A recent sero-prevalence survey (PTI 2020) found that 23.48% of Delhi has antibodies for SARS-CoV-2, the virus that causes COVID-19. This survey was conducted between June 27 and July 10. As the time to develop antibodies from date of infection is roughly the same as the the time to death for severe cases, we can estimate that Delhi’s infection fatality rate (IFR) to be 0.06% using Delhi’s COVID-19 death tally on the 4th of July (3004)(COVID19INDIA 2020) and an estimated population of 20.2 million (MoHFW 2019) in 2020. This rate is remarkably low compared to the estimate of 0.68% (0.53%-0.82%) from a systematic review (Meyerowitz-Katz and Merone 2020) of research on COVID-19 IFRs. Good quality data that might help us understand the reason behind this low IFR has been difficult to find. I try to resolve this puzzle by piecing together publicly available data, and conclude that the COVID-19 records are missing a majority of the deaths in the 60+ age group.
Estimating Delhi’s IFR
COVID-19 causes complications leading to hospitalization and death in a small fraction of the infected. These are mostly the elderly with comorbidities like hyper-tension, diabetes and respiratory disorders. The IFR in a country or region depends strongly on the share of the elderly, the comorbidities and disease-profile, and the capacity of the health system to respond to a surge in demand for critical care and hospitalization.
India is a relatively young country and the IFR is expected to be lower than countries with older populations like Spain, France or Italy. A country wide infection fatality rate comparison between countries with very different population structures like India or France wouldn’t make sense but comparing the fatality rates in similar age groups would be appropriate. For example, a comprehensive study (Salje et al. 2020) of France’s COVID-19 outbreak estimated these age group based IFRs (with error ranges).
The IFR goes up rapidly with age, especially past the age of 50. India’s significantly younger population would result in a lower average IFR compared to France. In Figure 1 I use a recent Census population projection (MoHFW 2019) to estimate the 2020 Delhi population distribution in different age groups. I will use both 2011 and the estimated 2020 distributions as the Delhi of 2020 is older (share of people in the 80+ group nearly doubles), and this makes a big difference to COVID-19 fatalities.
I use age based infection rates of China (Verity et al. 2020), France (Salje et al. 2020), Lombardia (Italy) (Modi et al. 2020), New York (Yang et al. 2020) and Spain (Bevand [2020] 2020) as models to estimate Delhi COVID-19 deaths for a sero-positivity of 23.48%. I assume that all age groups are uniformly infected as age based infection rates were not released. As Figure 2 shows, Delhi’s IFR turn out to be significantly lower than what we would expect if the age group based IFRs of any of the five models regions considered above. For example, Delhi’s average IFR using France’s numbers are less than half of France’s in Table 1. Delhi’s COVID-19 deaths are anywhere between one-half to one-tenth of what the various model regions suggest, and lower than any lower error bound as well!

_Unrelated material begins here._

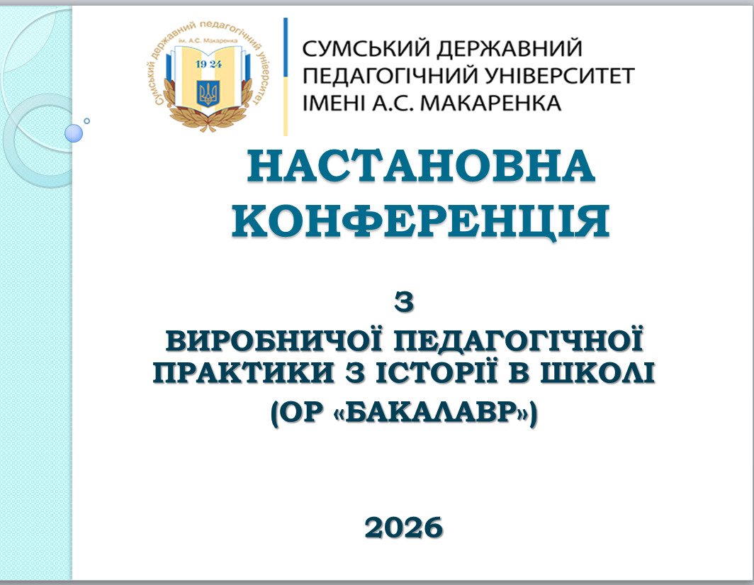 2 лютого 2026 року в Навчально-науковому інституті історії, права та міжнародних відносин СумДПУ імені А.С. Макаренка відбулася настановча конференція за профілем майбутньої професії, яка стала важливим етапом підготовки здобувачів освіти спеціальності Середня освіта (Історія) до проходження практичної складової навчання.

We also see that using the estimated 2020 population distribution instead of 2011 would lead to significantly higher number of projected COVID-19 deaths.
Estimating missing deaths
Delhi’s lower than expected IFR is surprising as there is no good reason to expect that an Indian in a particular age group is healthier, have better immunity, or access to better health care than a person in Europe in the same age group. An age group wise infection fatality rate of Delhi and the other models regions can shed some light on this puzzle. Unfortunately, it seems that the last time Delhi release any data of deaths by age group was on the 20th of May (DHGS Delhi 2020) when Delhi had 176 COVID-19 deaths only. Many cities and states have been more forthcoming with such data. In Figure 3, I plot the cumulative share of deaths vs. age groups for nation-wide COVID-19 data from the Integrated Disease Surveillance Programme (Ghosh 2020), Mumbai (BMC 2020), Bengaluru (BBMP 2020) and Surat (SMC 2020) on the same graph. The distribution of deaths by age groups in large urban areas is remarkably similar, perhaps reflecting their similar age and comorbidity profiles. Cities like Kolkata and states like Kerala are likely to have older populations but the differences are likely to be small. Thus far, about 60% of COVID-19 deaths have been recorded in the 10 largest metros so the IDSP data also has a similar shape. Given the absence of a better alternative, I will use the Mumbai age group wise death distribution data to model Delhi’s death distribution.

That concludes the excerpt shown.